Стасов еще какое-то время молчал и потом почти отчаянно сказал тихо:

– Да. Она там.

– Расскажи о ней.

– Она мать подсудимого.

– Очень хорошо. Что еще ты видишь?

Стасов смотрел только на мать, глаза ее черные горели яростью, когда он зачитывал приговор. Он не хотел видеть этого лица. Оно пугало его.

– Я выношу приговор о смертной казни. Ее сына уводят, – говорить Стасову становилось все сложнее.

Стася вытягивала из него слова щипцами. Ноги, подобранные под себя, затекли, но она боялась пошевелиться, чтобы не сбить его. Ей казалось, все идет как надо. У них получается.

– А теперь тебе надо уйти оттуда, ощутить себя в самом теплом и прекрасном для себя месте. В доме своей души. Там может быть светло или темно, там может быть как угодно, так, как хочешь ты, как полезно для тебя. Ты видишь такое место?

Стасов с радостью покинул зал заседаний и упал в блаженное тепло. Он раскачивался в колыбели мироздания. Пространство обнимало его, как сотня материнских рук.

– Я ничего не вижу, я только чувствую.

– Что ты чувствуешь?

– Тепло, радость. Мне очень радостно.

– Рядом с тобой есть кто-нибудь?

– Я чувствую кого-то, но не вижу.

– Что ты чувствуешь к тому, кто там с тобой?

– Это как доверие.

– Очень хорошо. Сейчас повторяй за мной: «Покажите мне, что за контракт связывает нас с Олей, что хочу я получить от нее, а она от меня, чтобы мы выполнили условия нашего договора». – Стасов повторил слово в слово. А потом он всхлипнул, в уголке глаза у него блеснуло, а лицо исказила гримаса боли. – Все хорошо, все так, как и должно быть. Вы большие молодцы. Скажи мне, что она хочет получить от тебя?

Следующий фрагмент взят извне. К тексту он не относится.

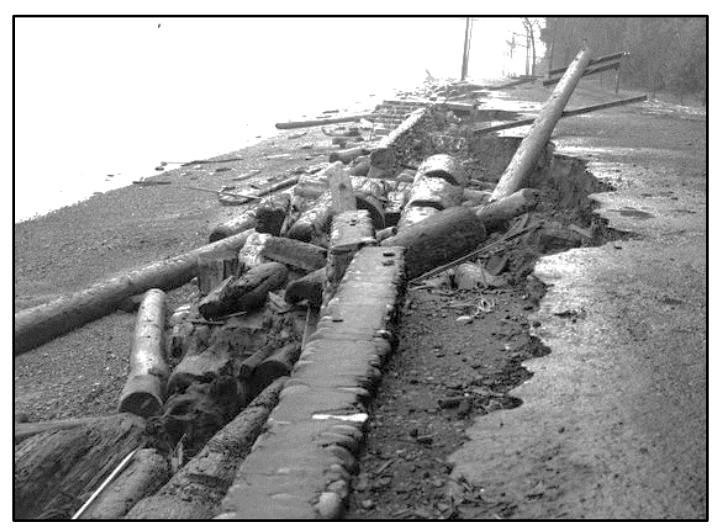
Storm damage in 1951 seriously damaged the south seawall and promenade. Courtesy Seattle Municipal Archives, #42581

Within 20 years, the south wall's ability to withstand powerful waves proved inadequate. Wear and tear compelled the city to build replacement sections with a wider base and reinforce the toe with more concrete. Starting in the 1980s, the city implemented a U.S. Army Corps of Engineers plan to deposit tons of rock and sand at the foot of the wall to "renourish" the beach.
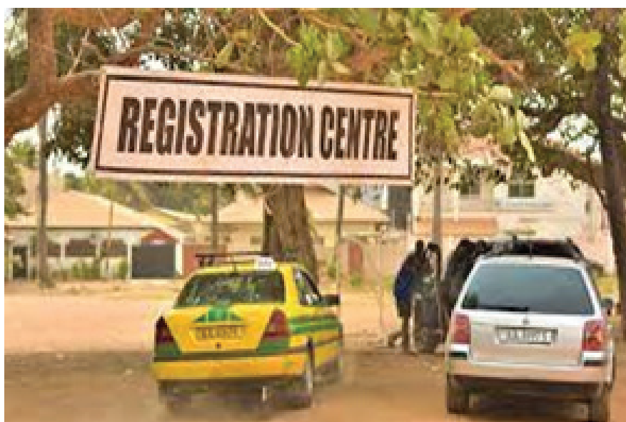
Monitoring team accompanied by the Chairperson in Upper River Region.

All registration centres monitored were fully operational daily, from 8:00 to 17:00, Mondays to Sundays. During working hours, Officials are allocated an hour break, from 13:30 to 14:30 every day. However, due to large tournouts, most centres did not observe breaks and some worked overtime to ensure that every eligible applicant was registered and issued a voter's card. Officials at Registration Centres such as Gambisara and Latrikunda Picadilly (Agriculture Centre), among others, indicated that they could not observe their daily breaks regularly due to the presence of large numbers of applicants.
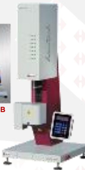
Full featured Model Method A & B + Rheology
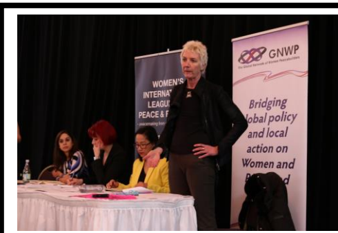
Madeleine Rees Civil Society Consultation on the 2015 WPS High Level Review, March 11, 2015

"Women are not just victims but as survivors. they are the key actors for providing the mechanisms for change" Charlotte Bunch Women Confronting ISIS, March 6, 2015
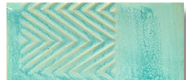
TD507 • Seafoam
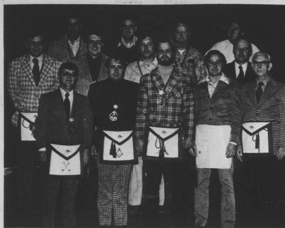
NEW MASONIC OFFICERS — Shown above are the 1978 officers of Kosciusko Lodge 418 A and FM, Milford.

The incident occurred in the early morning hours of January 1. Damage was set at $350.
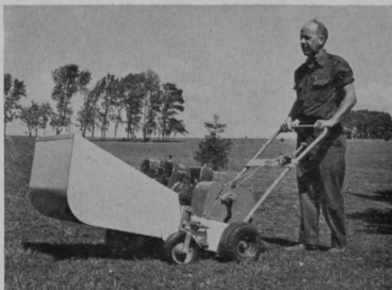
Renovate deep thatch and clean in one operation with the new West Point VG-20 Verti-Groove.

See the VG-20 Verti-Groove and all West Point tools at the GCSAA Show, Washington-Hilton Hotel, Feb. 13 - 16, 1967 Booths 901 -02 -03
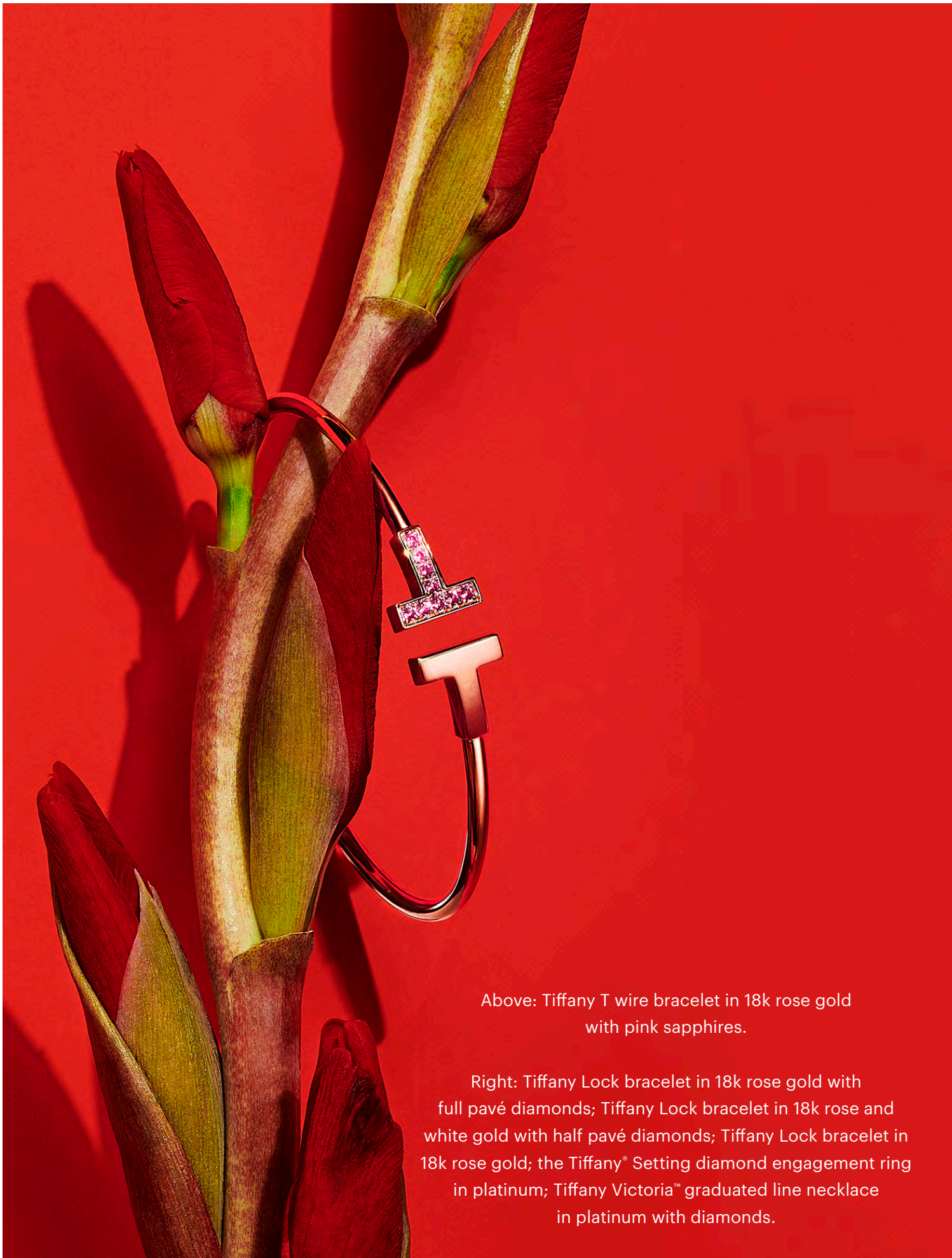
Above: Tiffany T wire bracelet in 18k rose gold with pink sapphires.

– Она хочет получить оправдание. Ей так нужно это оправдание, она нуждается в справедливости. Ей больно, оттого что я суров к ней. – Стасов, казалось, и правда ощущал сейчас ее боль.

– А ты, чего хочешь от нее ты?

– Прощения. Я хочу прощения. Я отправил ее сына на казнь, его поджарили на электрическом стуле, он был невиновным парнем. – В своем забытье Стасов смог испытать всю ту боль, что только способна испытать мать, потерявшая ребенка. Он хотел плакать, но не мог. Ему хотелось перестать это чувствовать.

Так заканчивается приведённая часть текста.